Why write?

This was a question I asked myself every day–not before writing, but after. I’d look at what I produced and blanch at the fact that it didn’t turn out like I wanted and think, Why am I doing this? Then I realized that if I only ask the question afterward, then the reason I do it is simply because that’s what I tend to do when I’m not actively trying to do other things. This essay though offers a wider range of reasons.

So many of the famous statements of intent have to do with a sense of outrage at the world. George Orwell put it like this: “I write it because there is some lie that I want to expose, some fact to which I want to draw attention, and my initial concern is to get a hearing.” Here’s William H. Gass: “I write because I hate. A lot. Hard.” But anger doesn’t always carry the muse. Flannery O’Connor: “I don’t know what I think till it is written, which is as good as the answer, the writing itself.” Certainly John McPhee doesn’t write out of a sense of outrage, but rather a hope for new discoveries and by not being bored by anything in the world. But if you poll writers not as accomplished as these—those struggling, or even struggling to wring royalty checks out of their small press publishers—many reasons fog up the glass containing them, but the underlying reason they write is a desire for attention. People want to be heard. One writes to be counted, even to be counted higher than others.
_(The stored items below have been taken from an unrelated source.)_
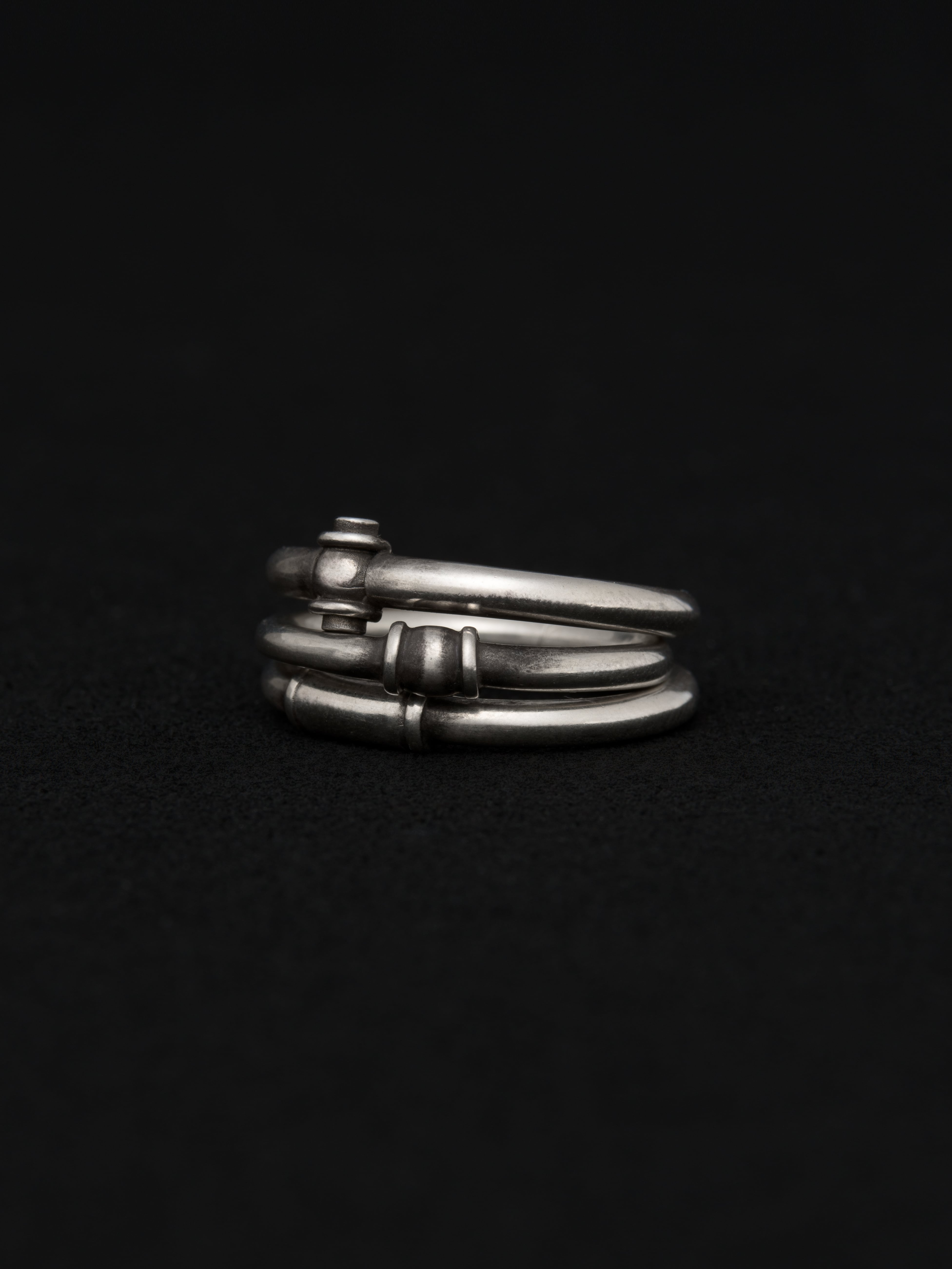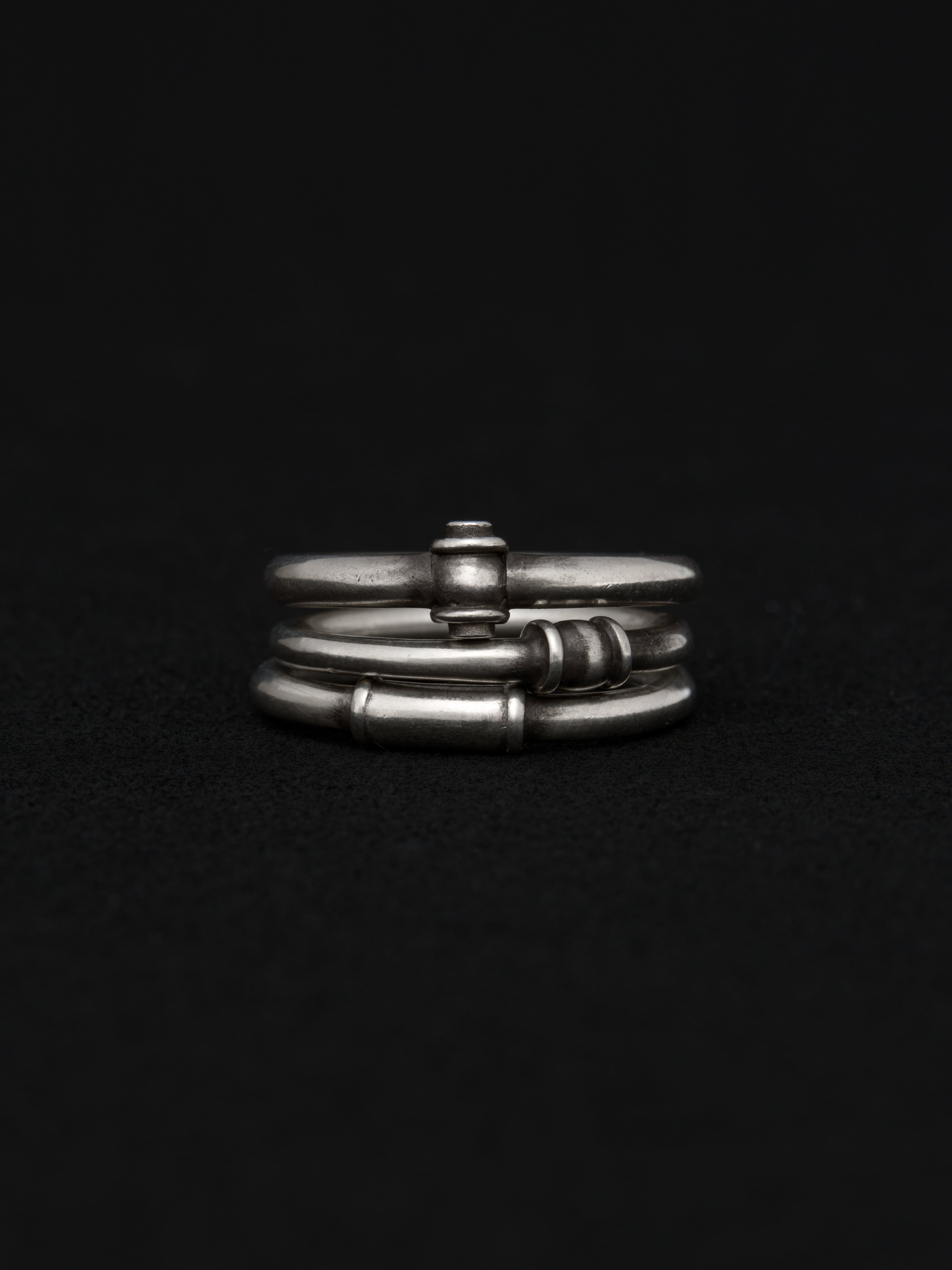 Werkstatt:München|ワークスタットミュンヘン 3種類のデザインがセットになったシルバー製のリング。 1996年にドイツのKlaus Lohmeyerが設立したジュエリーブランド。音楽や哲学からインスピレーションを受けたデザインが特徴で、金属の自然な質感や槌目を生かした作品は全て自社工房で手作業で作られています。 ドイツ製 シルバー925 サイズ|JP 11 アイテムナンバー|M1187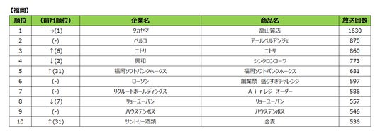 2025年6月度 エリア別テレビCM放送回数ランキング
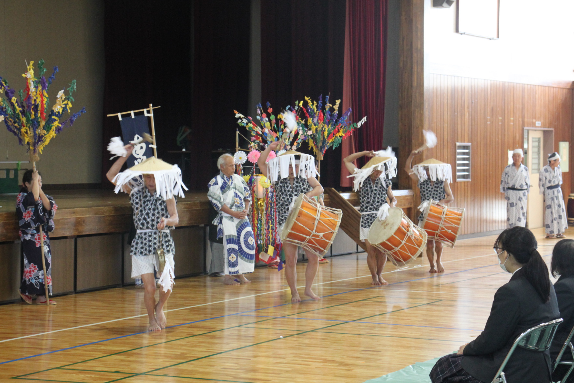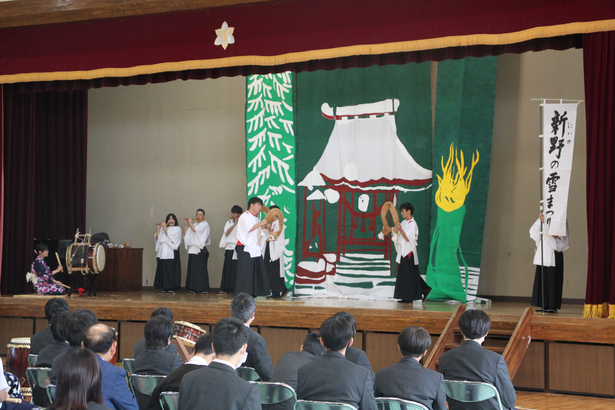 本校、郷土芸能同好会による「新野の盆踊り」,「新野の雪まつり」の様子。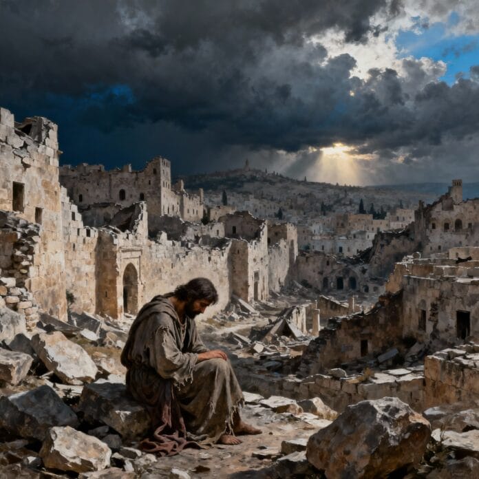 Gdy lud izraelski został wzięty do niewoli, a Jerozolima została spustoszona, prorok Jeremiasz usiadł i płacząc, wygłosił tę lamentację nad Jerozolimą; wzdychał w goryczy swego serca i wołał, mówiąc: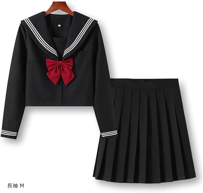 TUISKUセーラー服 コスプレ 制服 長袖 プリーツスカート リボン 3点セット ブラック 2XL L 長袖 M 長袖 XL 長袖 S 長袖 2XL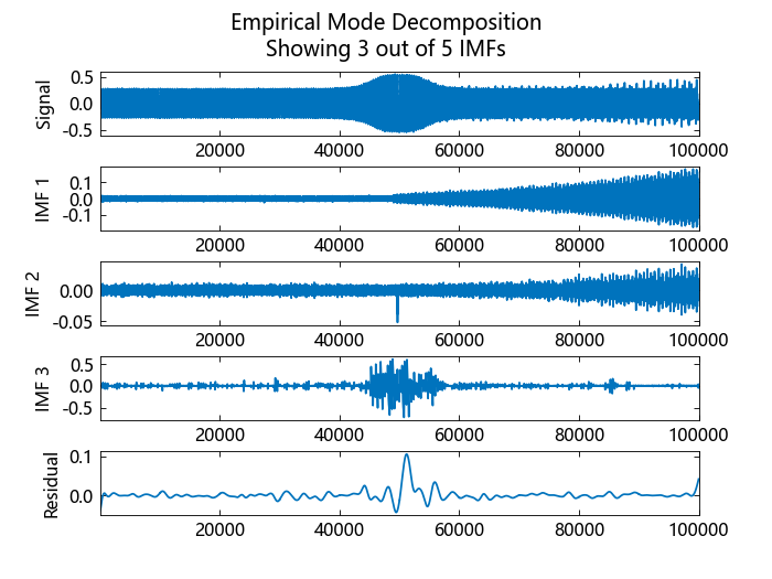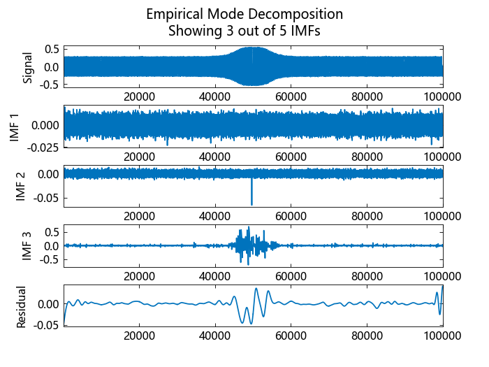 使用 emd 直观显示本征模式函数(IMF)和残差。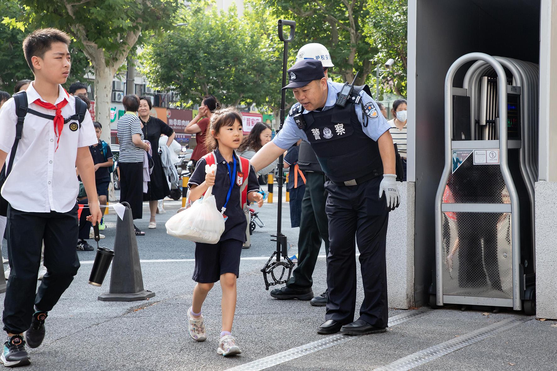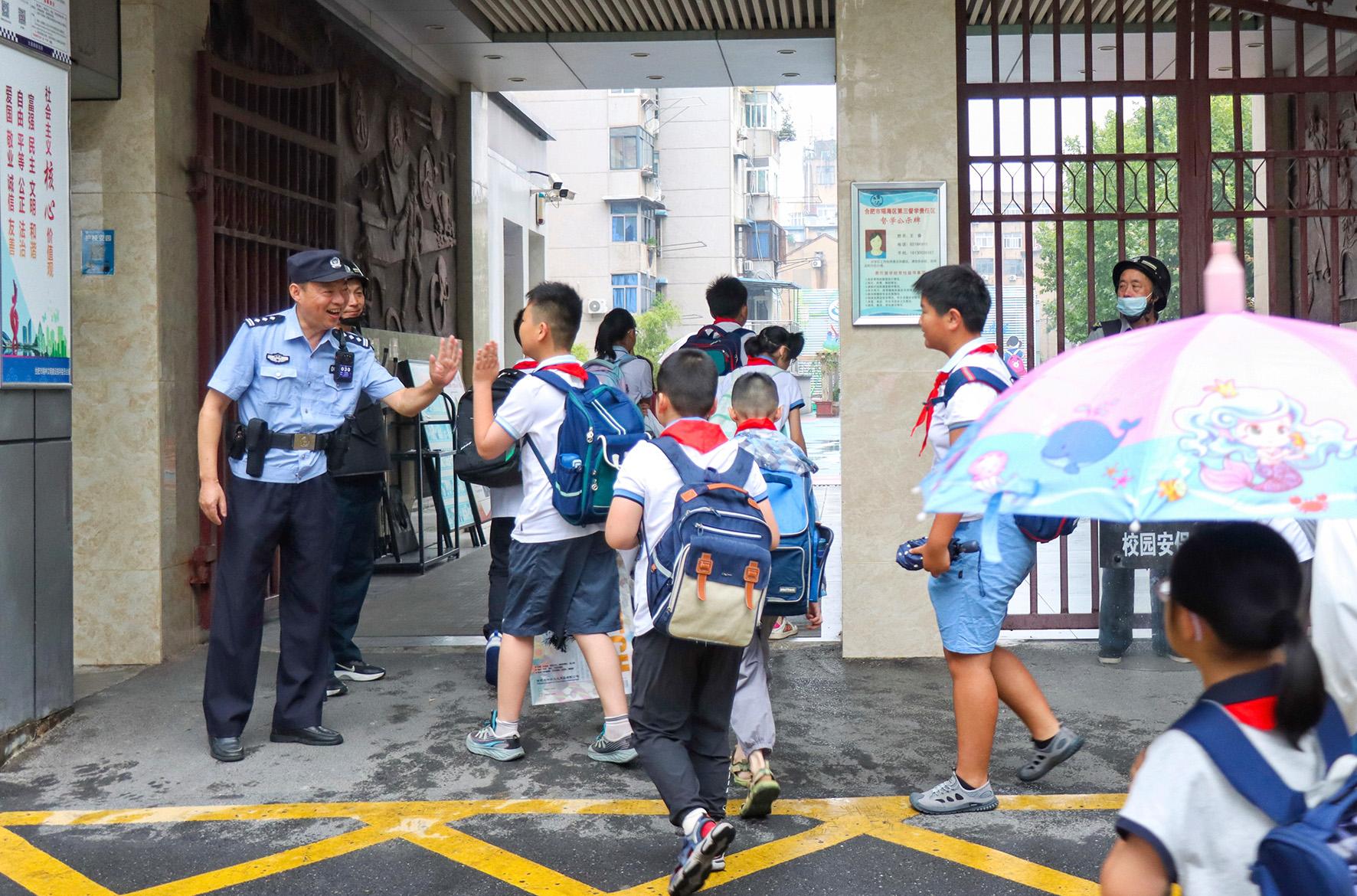 9月1日,安徽省合肥市公安局瑤海分局大通路派出所民警在滁州路小學(xué)護學(xué)崗執(zhí)勤。

Outside of gabbing, writing is the most respected and inflammatory pastime, though certainly less well compensated—it generates a conversation between ourselves and others without the need for another person to be there. And if we are writing to be counted, it is inevitable that there is a lot of discounting going on. Society is uneven, a few have too much, and too many have too little. How do we square this? Everyone knows life is unfair, but bringing a little beauty into the world is a small progressive step.